Wie Arbeit im Labor nachhaltig gestaltet werden kann

Wir achten auf unseren ökologischen Fußabdruck, vermeiden Plastik und fahren mit dem Fahrrad zur Arbeit. Aber wie viele Ressourcen verbrauchen wir eigentlich in unserer täglichen Arbeit im Labor?
5,5 Millionen Tonnen an Plastikabfällen entstanden 2014 in den Life Sciences Laboren weltweit. Ein -80°C-Freezer verbraucht im Schnitt soviel Energie wie ein Einfamilienhaus – oder sogar mehr. Und um einen Liter Laborwasser herzustellen, sind 3-5 Liter an Trinkwasser notwendig. Allein diese Zahlen zeigen bereits, wie es um den Ressourcenverbrauch im Labor steht. Doch was tun? Schließlich sind die Methoden etabliert, viele Geräte müssen rund um die Uhr laufen und auch Plastik lässt sich nicht einfach ersetzen.

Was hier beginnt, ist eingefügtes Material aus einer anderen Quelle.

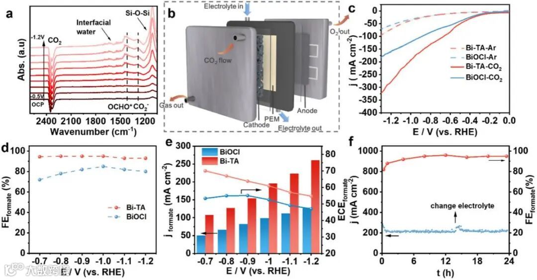 实现生产工业化是电催化CO2反应的长期目标,该目标需要催化剂具有高催化活性和大电流密度,稳定性以及体系的低能耗,是实现商业规模应用的关键。我们在1M KOH的流动池中测试了Bi-TA的CO2RR催化活性。LSV曲线表明电流密度显著改善,在−1.0 V的电压下超过200 mA cm-2的电流密度。对产物进行分析,在−0.7 V至−1.2 V的电压范围内,液相还原产物只有甲酸。FE HCOOH保持在92%以上。能量转换效率(ECE)是实际应用CO2RR的一个关键参数,计算从输入电能储存在目标产品中的化学能的百分比。当电流密度进一步增加至250 mA cm−2时,Bi-TA甲酸盐的ECE均超过50%。这意味着在我们的系统中,在较宽的工作电位窗口内大部分电能用于生成甲酸盐。从技术经济角度分析,该体系符合实际应用要求。另外催化剂在−1.0 V下工作24 h后电流密度保持在200 mA cm−2不变。上述结果表明,Bi-TA具有良好的催化活性和稳定性,具有一定的工业应用前景。

Dabei hilft manchmal schon ein Blick auf die eigenen Routinen und Prozesse, um Verbesserungspotenziale zu heben. In diesem Vortrag lenken wir den Blick auf die Möglichkeiten, die jedes Labor hat, um nachhaltigeres Arbeiten individuell umzusetzen. Als Tool dafür dient die Ecomapping-Methode, mit deren Hilfe jedes Labor seine Verbesserungspotenziale identifizieren und seinen eigenen Aktionsplan für nachhaltiges Arbeiten erstellen kann. Best practice-Beispiele geben zusätzliche Impulse, wie man im Labor umweltfreundlicher, ressourceneffizienter und nachhaltiger arbeiten kann.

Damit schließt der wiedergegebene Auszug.